Python数据分析NumPy和pandas（十二、pandas的基本功能-对DataFrame索引数据）

一、对 DataFrame 进行索引 会检索出单个值、序列、一列或多个列的值。

import numpy as np
import pandas as pd

data = pd.DataFrame(np.arange(16).reshape((4, 4)),
                    index=["Ohio", "Colorado", "Utah", "New York"],
                    columns=["one", "two", "three", "four"])

print(data)

#根据列标签索引检索1列
print(data["two"])

#根据列标签索引序列检索多列
print(data[["three", "one"]])

#根据行索引进行切片 输出row 0和1
print(data[:2])

#使用boolean数组进行切片（通过标量比较得到bool数组）,以下输出所有行中列标签three对应的值大于5的切片
print(data[data["three"] > 5])

注意看上面代码中的注释。输出结果如下：

data对象结果：

	one	two	three	four
Ohio	0	1	2	3
Colorado	4	5	6	7
Utah	8	9	10	11
New York	12	13	14	15

data["two"]结果：

Ohio 1
Colorado 5
Utah 9
New York 13
Name: two, dtype: int32

data[["three", "one"]]结果：

	three	one
Ohio	2	0
Colorado	6	4
Utah	10	8
New York	14	12

data[:2]输出结果：

	one	two	three	four
Ohio	0	1	2	3
Colorado	4	5	6	7

data[data["three"] > 5] 输出结果：

	one	two	three	four
Colorado	4	5	6	7
Utah	8	9	10	11
New York	12	13	14	15

对DataFrame对象data的每个元素进行标量比较运算可以得到一个值为Boolean型的新对象，列如：data < 5 输出

	one	two	three	four
Ohio	True	True	True	True
Colorado	True	False	False	False
Utah	False	False	False	False
New York	False	False	False	False

这样，我们可以使用这种方式将值 0 分配给值为 True 的每个位置，如下：

扫描二维码关注公众号，回复： 17493941 查看本文章

data[data < 5] = 0 打印输出data看下

	one	two	three	four
Ohio	0	0	0	0
Colorado	0	5	6	7
Utah	8	9	10	11
New York	12	13	14	15

data对象位置上小于5的值都赋值为0了。

二、使用 loc 和 iloc 在 DataFrame 上选择

与 Series 一样，DataFrame 具有特殊属性 loc 和 iloc，分别用于基于标签和基于整数的索引。由于 DataFrame 是二维的，因此我们可以使用轴标签（loc）或整数（iloc）用类似 NumPy 的表示法选择行和列的子集。

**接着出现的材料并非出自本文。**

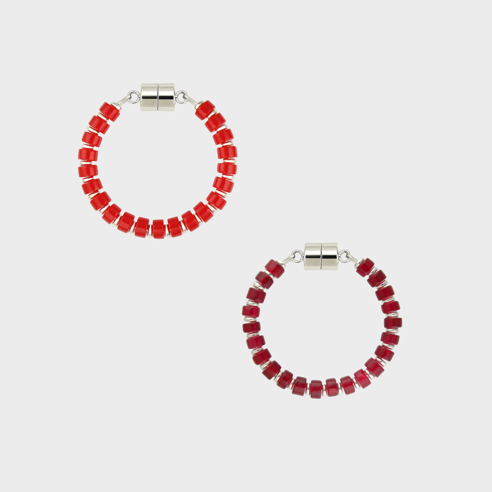 - Chromatic Curation: A set of 2 charms in complimentary Red Coral (top), and Ruby (bottom) colors, each measuring approximately 1.5" in width
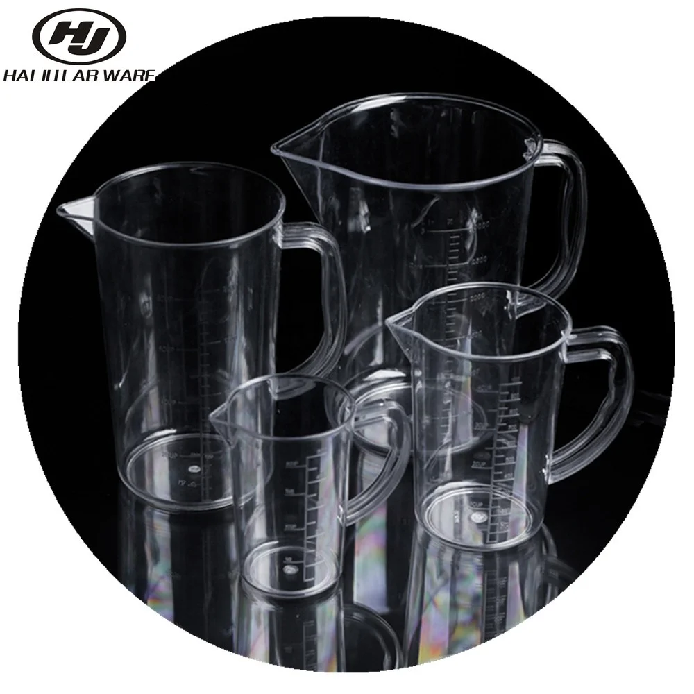HAIJU LAB 1L Plastic PP Material Sterilization Useful Liquid Consumable Disposable Mixing Cup With Handle and Measurement
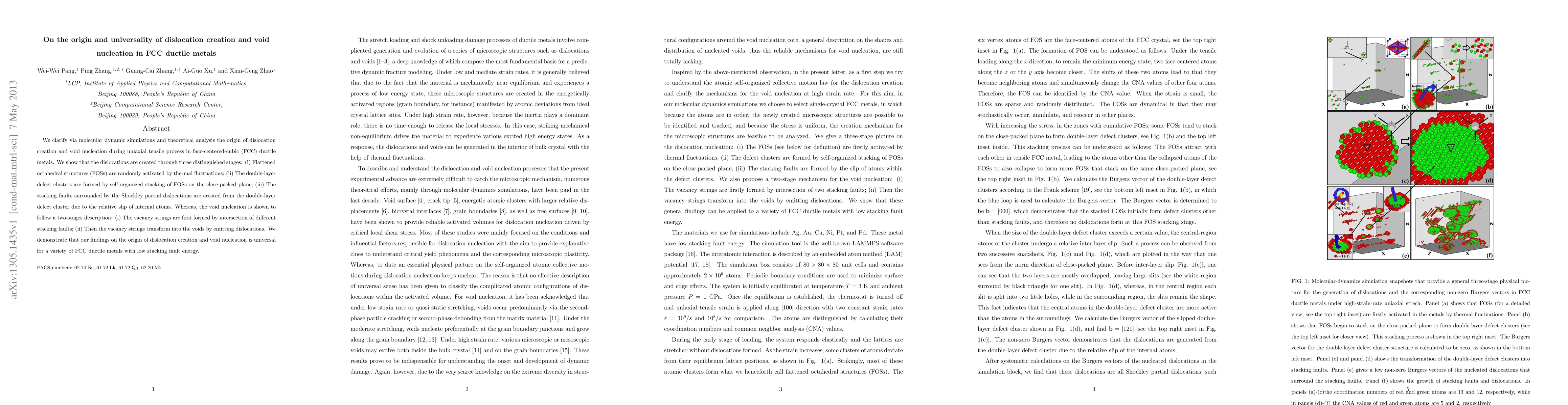 The paper presents a comprehensive molecular dynamics simulation study elucidating the universal origin of dislocation creation and void nucleation in FCC ductile metals, providing detailed descriptions of the three-stage dislocation creation process and two-stage void nucleation process.
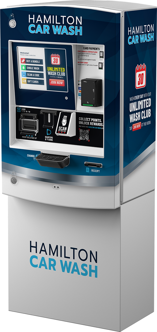HAMILTON HTKFHCCAAFBKZZZ HTK Paystation Kiosk, Free Standing Cabinet, Mars Cashflow Validator (USA), Two 4800 Capacity US Quarter Hoppers, Dual Bill Dispensers, Barcode Scanner, Door Wrap (Std), Std Controller, IDTech 6800 and Receipt Printer
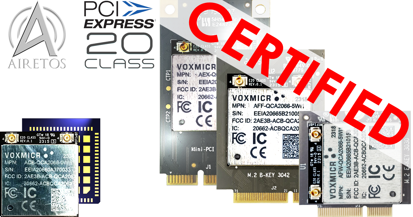 AIRETOS E20 Class - Certified across form-factors of the LGA Wi-Fi6 module, also when placed on carriers for m.2 key, m.2 b-key and miniPCI express
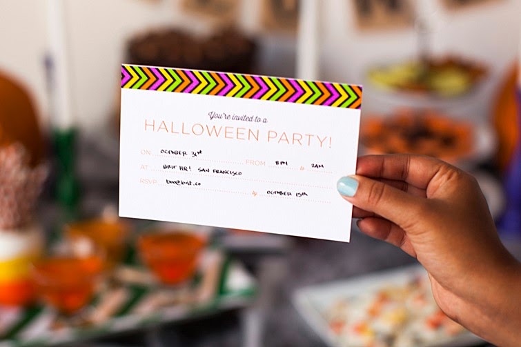Invitaciones, fáciles, fáciles! La plantilla (descargar aquí!) y un poco de washi, y quedarán perfectas! Preparamos también una guirnalda sencilla para colgar encima de la mesa de postres, que también podría ir en la puerta, o en cualquier lugar que se nos ocurra. Necesitamos plantillas de letras, una pistola de silicona, pintura acrílica, arpillera y cordeles. Estas son algunas ideas que puedes usar para decorar tus fiestas de halloween.
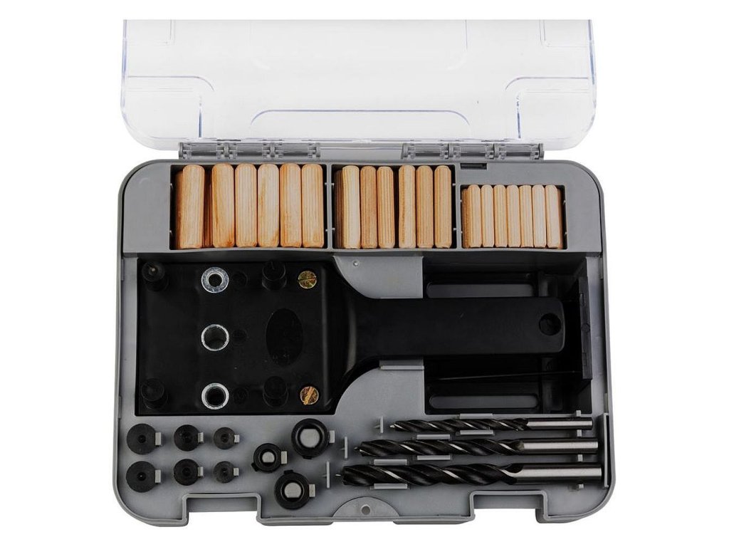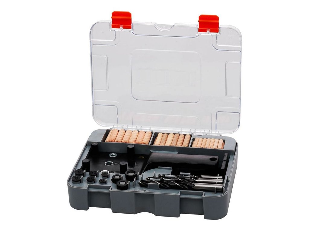 Tato 83 dílná kolíkovací sada umožňuje snadné a rychlé vrtání a montáž kolíků, čímž zajišťuje rovné a kvalitní spojení dílců.
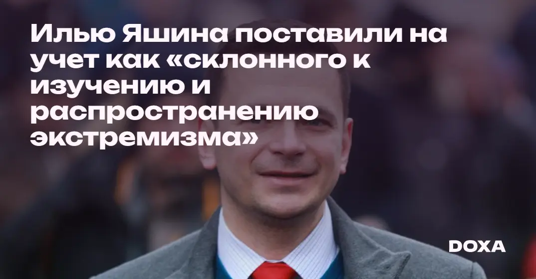 Илью Яшина поставили на учет как «склонного к изучению и распространению экстремизма»

对于上面的data对象，data.loc["Colorado"] 使用行标签选择一行，选择单行输出的结果是一个Series，其索引是 DataFrame 的列标签。如下输出：

one 0
two 5
three 6
four 7
Name: Colorado, dtype: int32

传递给loc一个行标签序列，可以选择多行，输出结果是新创建的 DataFrame对象：

data.loc[["Colorado", "New York"]] 输出一个新DataFrame对象

	one	two	three	four
Colorado	0	5	6	7
New York	12	13	14	15

我们还可以通过用逗号分隔选择项来组合 loc 中的行和列选择，例如：

data.loc["Colorado", ["two", "three"]] 输出结果：

two 5
three 6
Name: Colorado, dtype: int32

我们还可以使用iloc来检索或切片数据，但在iloc传递的是整数（即标签的序号）。

data.iloc[2] 输出：

one 8
two 9
three 10
four 11
Name: Utah, dtype: int32

data.iloc[[2, 1]] 输出：

	one	two	three	four
Utah	8	9	10	11
Colorado	0	5	6	7

data.iloc[2, [3, 0, 1]] 输出：

four 11
one 8
two 9
Name: Utah, dtype: int32

data.iloc[[1, 2], [3, 0, 1]] 输出：

	four	one	two
Colorado	7	0	5
Utah	11	8	9

loc和iloc函数除了使用单个标签或标签列表进行索引之外，这两个索引函数都适用于切片：

data.loc[:"Utah", "two"] 其中 : :"Utah"表示从data对象的第0行到"Utah"所在的行，"two"表示取改列。输出结果如下：

Ohio 0
Colorado 5
Utah 9
Name: two, dtype: int32

data.iloc[:, :3][data.three > 5] 输出：

	one	two	three
Colorado	0	5	6
Utah	8	9	10
New York	12	13	14

布尔数组可以与 loc 一起使用，但不能与 iloc 一起使用：

data.loc[data.three >= 2] 输出结果：

	one	two	three	four
Colorado	0	5	6	7
Utah	8	9	10	11
New York	12	13	14	15

有多种方法可以选择和重新排列 pandas 对象中包含的数据。对于 DataFrame下面列表提供了多种常用的索引方式。

三、整数索引陷阱

对于新手来说，使用由整数索引的 pandas 对象可能是一个绊脚石，因为它们的工作方式与内置 Python 数据结构（如列表和元组）不同。例如，我们会不希望以下代码生成错误：

ser = pd.Series(np.arange(3.)) 我们用整数 -1 索引数据 ser[-1] 会发生如下错误：

ValueError: -1 is not in range

The above exception was the direct cause of the following exception:

Traceback (most recent call last):
File "d:\Softs\python-workspace\pydata_ana\test.py", line 6, in <module>
ser[-1]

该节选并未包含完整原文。